Le Dr Guy Pomerleau estime que le moment est venu de créer «l’équivalent d’une commission d’enquête» pour évaluer la situation de la psychiatrie à Québec.

Psychiatrie à Québec: un psychiatre réclame «l’équivalent d’une commission d’enquête»

Un psychiatre retraité à la longue feuille de route, le Dr Guy Pomerleau, estime que le moment est venu de créer «l’équivalent d’une commission d’enquête» pour évaluer la situation de la psychiatrie à Québec.

Le Dr Pomerleau a été président de l’Association des médecins psychiatres du Québec, conseiller au ministère de la Santé et chef du département de psychiatrie du CHUL, tout en poursuivant une carrière académique à la Faculté de médecine de l’Université Laval. 

Dans une lettre ouverte publiée dans Le Soleil, il fait siennes les observations du Dr Hubert Wallot: après les fermetures des lits en psychiatrie de l’Hôpital Saint-François-d’Assise et de l’Hôtel-Dieu de Québec, puis le déplacement récent des lits de l’Hôpital de l’Enfant-Jésus et la fermeture à venir de l’urgence et des lits en psychiatrie de l’Hôpital du Saint-Sacrement, on assiste aujourd’hui à «un véritable retour vers l’hôpital psychiatrique». 

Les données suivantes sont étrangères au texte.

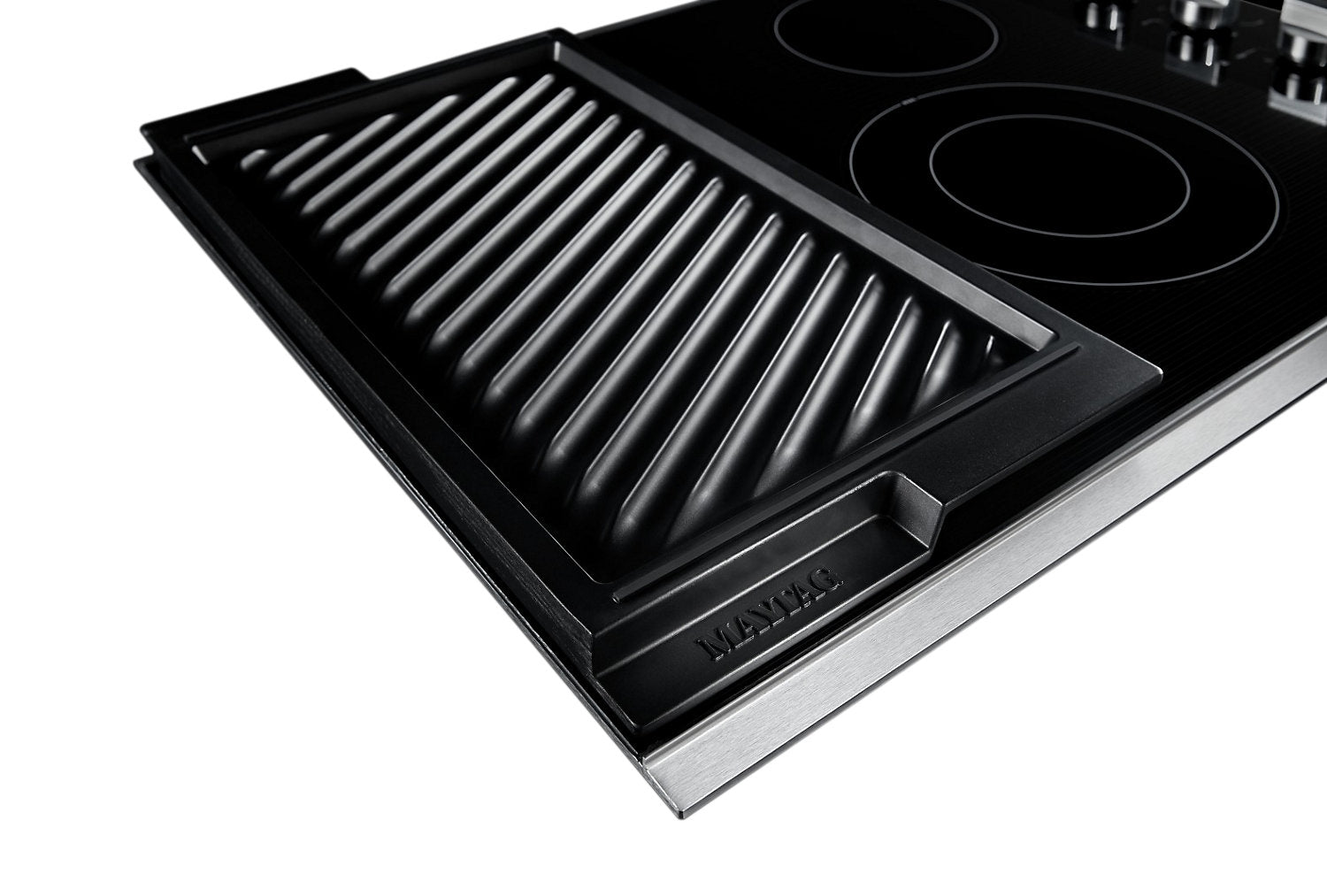 Surface de cuisson électrique exclusive à Maytag avec gril et plaque chauffante réversibles Faire bouillir, faire sauter, faire revenir, retourner ou faire griller. Peu importe ce que vous servez à la table, Maytag apporte la chaleur avec une surface de cuisson électrique exclusive munie d'un gril et plaque chauffante réversibles. gril et plaque chauffante réversibles Augmentez la chaleur de l'élément pont muni du gril et de la plaque chauffante réversibles pour faire griller des hamburgers ou pour retourner une pile de crêpes. Placez la plaque dans le lave-vaisselle pour un nettoyage aisé. Les poignées en caoutchouc garantissent une prise sécuritaire non glissante et résistante aux égratignures lorsque l'appareil est placé sur la surface de cuisson. Élément Dual-ChoiceMC 10 po et 6 po L'élément Dual-ChoiceMC 10 po et 6 po vous permet de cuisiner avec la poêle que vous voulez et la puissance dont vous avez besoin. Gérez un sauté lent et uniforme puis intensifiez la chaleur pour faire revenir. |

Selon lui, deux éléments ont contribué à ce que nous vivons aujourd’hui à Québec. Le premier a été la nomination de l’hôpital psychiatrique au titre d’Institut universitaire en santé mentale de Québec (IUSMQ), «qui est devenu alors le gestionnaire de toute la psychiatrie à Québec, dont celle des hôpitaux généraux». Le deuxième élément qui a mené au «démembrement» de la psychiatrie dans les hôpitaux généraux a été la réforme Barrette et le transfert du département de psychiatrie du CHU de Québec au CIUSSS de la Capitale-Nationale, écrit le Dr Pomerleau.

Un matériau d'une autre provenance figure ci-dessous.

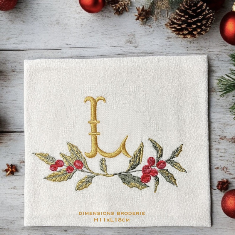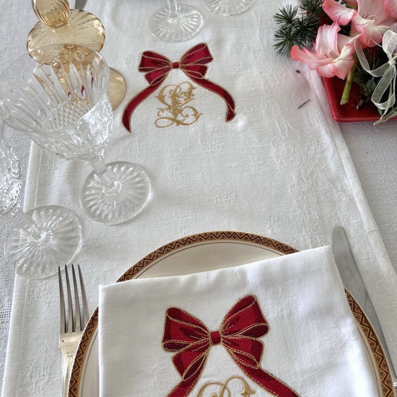 Chemin de table brodé prénom ou initiale damassé lin vintage. Broderie de NOËL. Pour une décoration de table chic & authentique - Offert à partir de 4 chemin de table un joli pochon confectionné dans du tissu ancien. Pour offrir ou se faire plaisir!

Le psychiatre ne croit pas que la mise en place par le CIUSSS de ressources en première ligne et dans la communauté compensera la fermeture des lits. «C’est un leurre. Bien sûr, ces nouvelles entités, qui ne sont d’ailleurs pas encore en place, sont bienvenues et joueront un rôle essentiel. Mais il ne faut pas avoir vu évoluer la complexité de la clientèle psychiatrique dans les urgences et les lits des hôpitaux généraux pour penser» que ces ressources compenseront les fermetures de lits, juge le psychiatre. 

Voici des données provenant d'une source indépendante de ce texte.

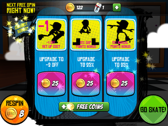 No hay muchas opciones para personalizar el personaje o la tabla, pero puedes evolucionar en varias categorías como ollie, spin y manual, utilizando las monedas doradas que están conectadas a lo largo de la pantalla.

«Contrairement à ce que nous vivons à Québec, l’Organisation mondiale de la santé (OMS) recommande un déploiement des ressources de l’hôpital psychiatrique vers les hôpitaux généraux et les services de première ligne. Je pense que le moment est venu de créer l’équivalent d’une commission d’enquête pour la région de Québec […] ayant pour mandat d’évaluer la situation et de proposer une réforme de l’organisation des soins qui réponde à l’ensemble des besoins des personnes souffrant de problèmes de santé mentale», conclut le Dr Pomerleau.